TheBoySaunders.com Christmas Story 2011: Sea of Possibilities
Thursday, December 22nd, 2011Once upon a time, Patti, Rod and Tom found themselves in a lifeboat, adrift at sea. They had been on this massive ocean liner, you see, which had been operating a rock ‘n’ roll cruise for ageing rich people re-living their youth, but then hit an old World War II mine (or something similar) and the boat sank with the loss of all hands (apart from Patti, Rod and Tom who, as I mentioned earlier, managed to make it to a life boat together). As none of them had any particular nautical skill, they quickly ran out of food and water. Tom ended up drinking brine and quickly went bat-shit insane, so Patti clubbed him to death with the heel of her boot and they feasted on his sweet, sweet flesh.
Some time later, when Tom’s bones had been cracked open for their marrow and licked clean and even the leather in his shoes had been gnawed at hopefully, the mis-matched pair admitted that they were in dire straits. Rod’s eyesight was better than Patti’s, they had decided during endless games of Eye Spy, but all he could see was ocean stretching to the horizon on all sides. On the morning of the 28th day Patti managed to catch a seabird with her bare hands. They ate it raw, washed down with the meagre rations from the ingenious system that Rod had rigged up for catching rainwater and morning dew. This was the last thing that either of them ate.

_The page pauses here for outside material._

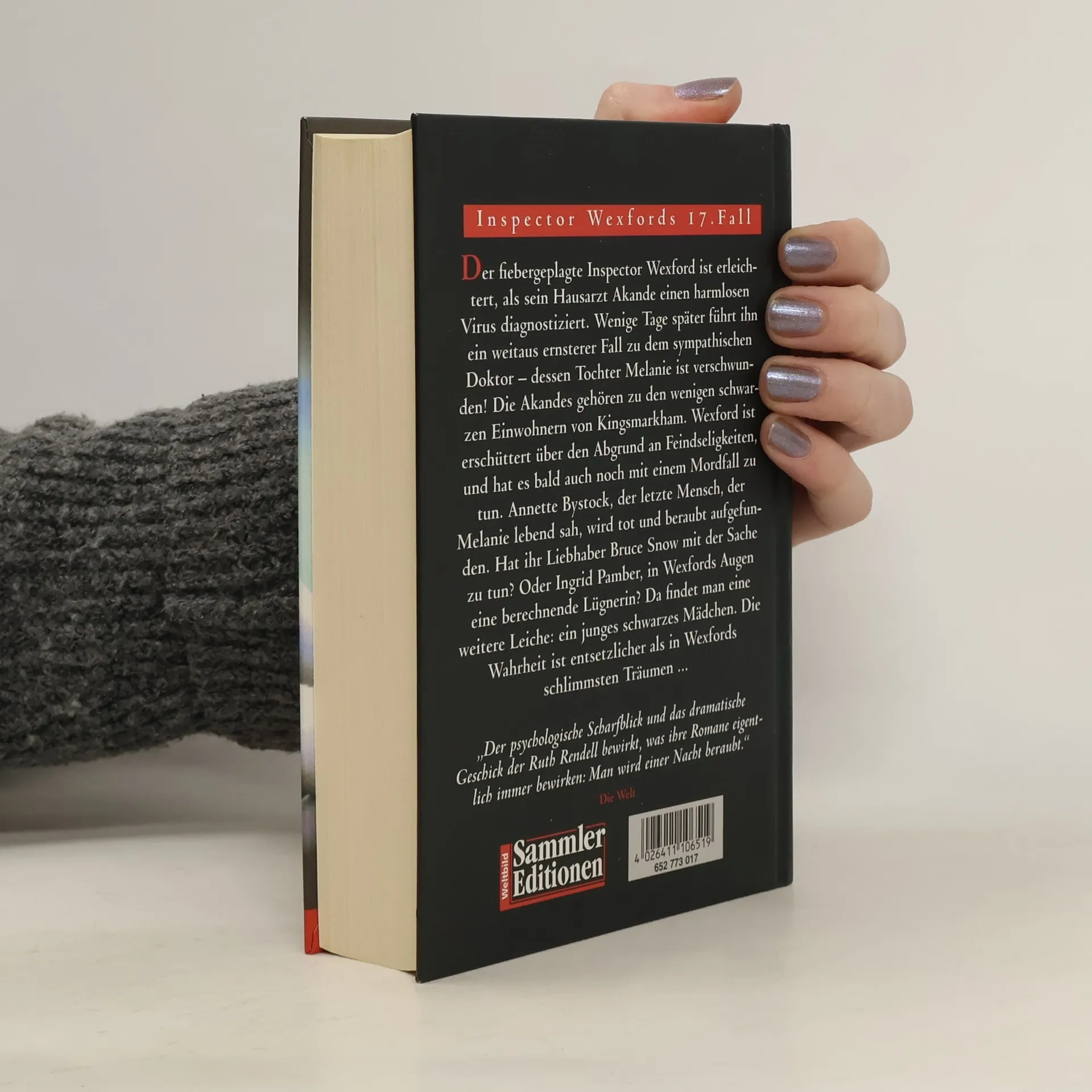 Als Melanie, die Tochter von Inspektor Wexfords neuem Hausarzt Dr. Akande, spurlos verschwindet, bewegt den Inspektor mehr als nur berufliches Interesse an dem Fall. Zunächst will niemand an das Schlimmste denken, aber dann entdeckt man die Leiche einer jungen schwarzen Frau. Doch als die Akandes die Tote identifizieren sollen, stellt sich heraus, daß es sich gar nicht um Melan handelt.

By the 36th day, through cracked, dry lips and delirious from sun-stroke, Rod and Patti agreed to fight to the death. After hours of tense negotiation they agreed on the rules. Any weapon that the lifeboat offered up would be fair game and no quarter would be given. The victor would indulge in a cannibalistic orgy of feasting, the loser would be dead, and then eaten in the aforementioned cannibalistic orgy. Although Rod had the height and weight advantage he lacked Patti’s steely determination and lust for blood. Rod thought back to the soulless look in her eyes as she repeatedly drove the spiked heel of her boot into Tom’s cranium, and at that moment he was lost. An empty can of beans careened off his skull, disorientating him long enough for Patti to fall upon him, armed with an oar and spitting with fury, a miniature whirlwind of wrath and desperation. She beat him back, indefatigable, machine like, kicked him in the shins, crashed his head against a locker… In his last moments of life, Rod noticed that the end of the oar had been pre-sharpened – how long had she been planning this? – before the flat end bounced off the side of his skull, knocking him senseless.
Slowly and deliberately, Patti stood over the prone body of Rod, his legs spread grotesquely, like a sailor. Relentlessly she placed the jagged end of the oar against his smooth throat. A bubble of blood escaped from one nostril as his fingers scrabbled nervelessly against the rough wood. Her eyes betraying no hint of humanity, Patti exerted pressure, the point sliding through skin and cartilage before coming to a hard stop against the deck of the lifeboat. The scream he made was so high pitched that nobody heard. Rod’s body spasmed, once, twice then lay still and Patti stood over him, barely breathing, eyes fixed on some point in the distant horizon, clinging to her makeshift spear with a vice-like deathgrip.
Some time later she stood, still motionless, staring down into the depths of the ocean, her fingers all entwined in the air, as the waves crashed against the bows of the boat, coming in like Arabian stallions, gradually lapping into sea horses.